● Extracted information
= = = = =
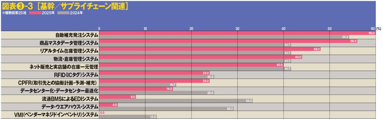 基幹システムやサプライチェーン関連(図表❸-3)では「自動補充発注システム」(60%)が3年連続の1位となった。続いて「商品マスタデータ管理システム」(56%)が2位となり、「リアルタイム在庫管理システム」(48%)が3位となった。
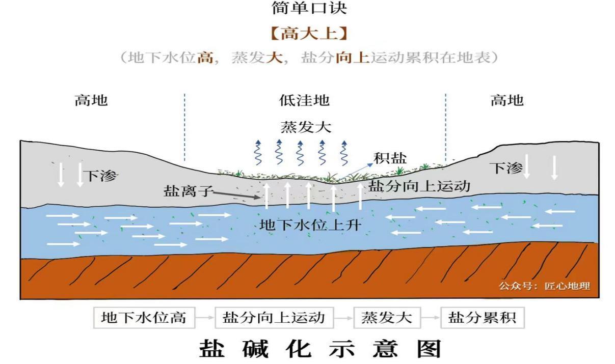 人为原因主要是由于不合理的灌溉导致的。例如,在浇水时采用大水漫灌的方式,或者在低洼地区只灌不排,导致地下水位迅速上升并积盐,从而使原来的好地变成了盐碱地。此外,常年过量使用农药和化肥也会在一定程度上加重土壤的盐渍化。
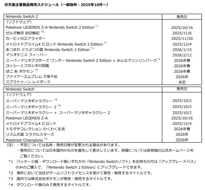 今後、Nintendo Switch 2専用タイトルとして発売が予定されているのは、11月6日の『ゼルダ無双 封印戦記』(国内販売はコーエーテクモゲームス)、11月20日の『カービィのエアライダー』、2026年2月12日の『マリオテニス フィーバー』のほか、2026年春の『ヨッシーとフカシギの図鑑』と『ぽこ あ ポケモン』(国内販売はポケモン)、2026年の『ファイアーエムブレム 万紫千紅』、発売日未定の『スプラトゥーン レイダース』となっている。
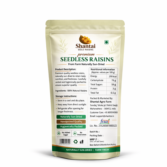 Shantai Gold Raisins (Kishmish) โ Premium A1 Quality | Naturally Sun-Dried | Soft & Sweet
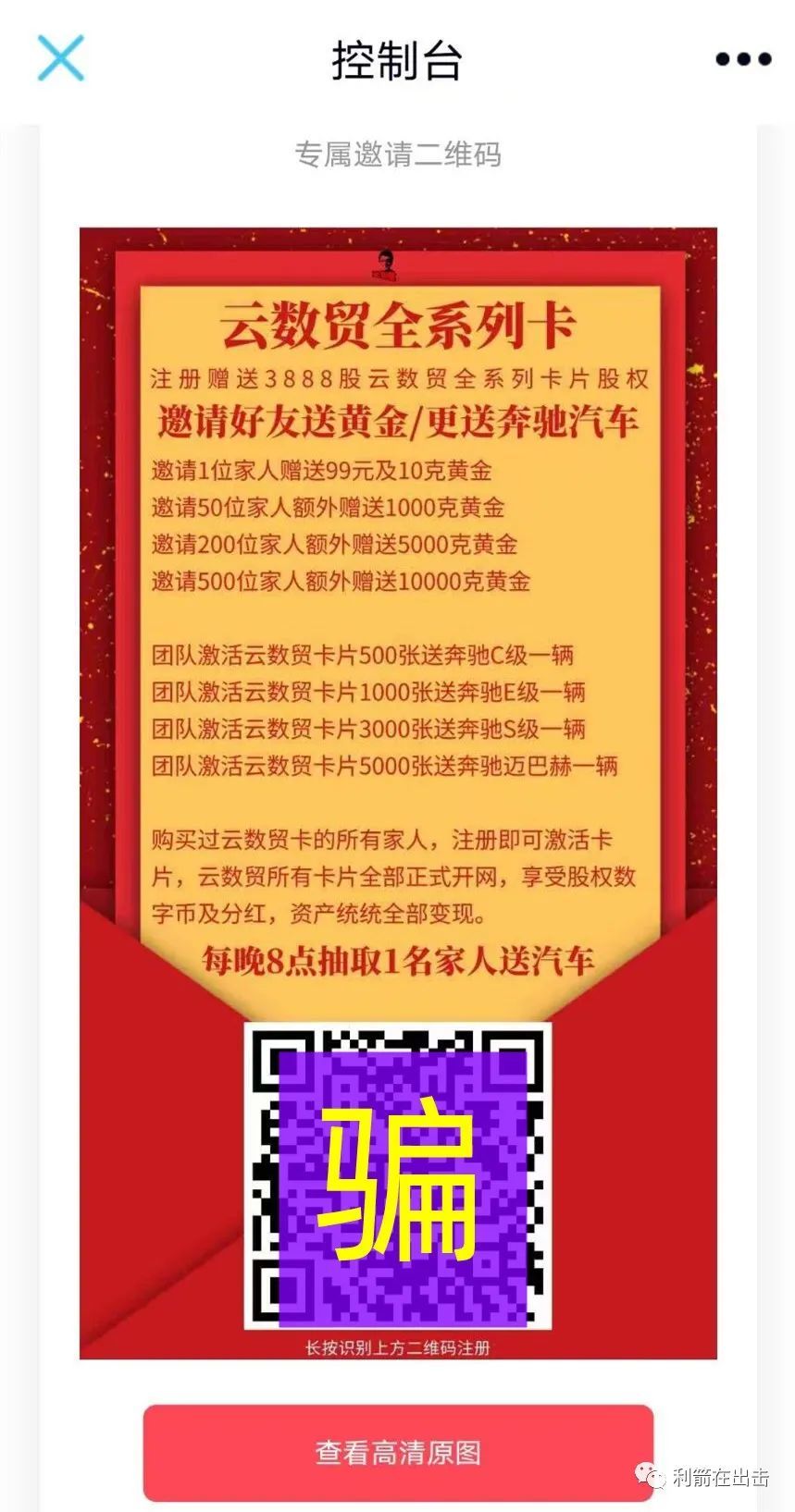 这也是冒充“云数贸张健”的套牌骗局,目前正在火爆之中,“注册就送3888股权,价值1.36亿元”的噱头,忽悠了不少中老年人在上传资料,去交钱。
= = = = =
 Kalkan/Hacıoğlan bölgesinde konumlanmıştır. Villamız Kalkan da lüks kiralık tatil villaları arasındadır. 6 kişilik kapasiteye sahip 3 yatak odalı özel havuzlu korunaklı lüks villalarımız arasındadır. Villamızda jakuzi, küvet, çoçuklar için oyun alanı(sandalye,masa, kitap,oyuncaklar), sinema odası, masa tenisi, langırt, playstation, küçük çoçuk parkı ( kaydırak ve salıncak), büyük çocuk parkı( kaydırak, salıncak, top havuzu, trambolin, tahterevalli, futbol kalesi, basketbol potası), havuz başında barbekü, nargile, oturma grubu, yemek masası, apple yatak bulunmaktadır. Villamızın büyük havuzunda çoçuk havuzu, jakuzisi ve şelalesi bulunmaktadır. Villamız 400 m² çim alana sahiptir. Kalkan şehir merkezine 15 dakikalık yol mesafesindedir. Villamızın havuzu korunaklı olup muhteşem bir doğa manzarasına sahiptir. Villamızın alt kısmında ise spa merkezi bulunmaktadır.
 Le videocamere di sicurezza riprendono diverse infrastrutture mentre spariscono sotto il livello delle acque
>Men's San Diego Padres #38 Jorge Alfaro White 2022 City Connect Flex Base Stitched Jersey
= = = = =
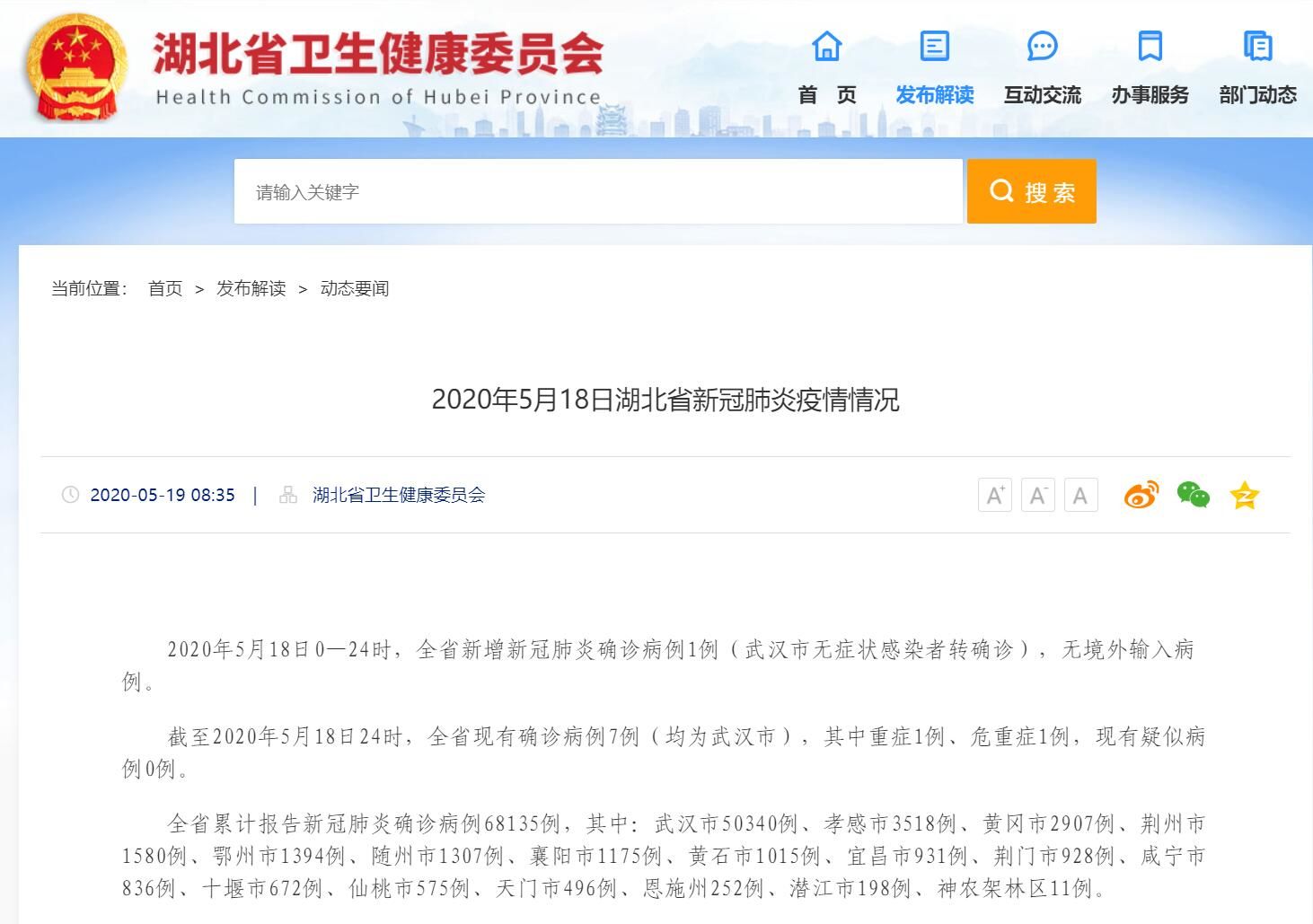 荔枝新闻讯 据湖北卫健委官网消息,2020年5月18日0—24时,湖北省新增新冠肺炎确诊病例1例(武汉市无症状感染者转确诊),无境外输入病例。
= = = = =
● Instructions to follow
Beginning at the line above that contains "Le videocamere di", return each line exactly through the line that contains "Base Stitched Jersey", and no others.

● Solution
 Le videocamere di sicurezza riprendono diverse infrastrutture mentre spariscono sotto il livello delle acque
>Men's San Diego Padres #38 Jorge Alfaro White 2022 City Connect Flex Base Stitched Jersey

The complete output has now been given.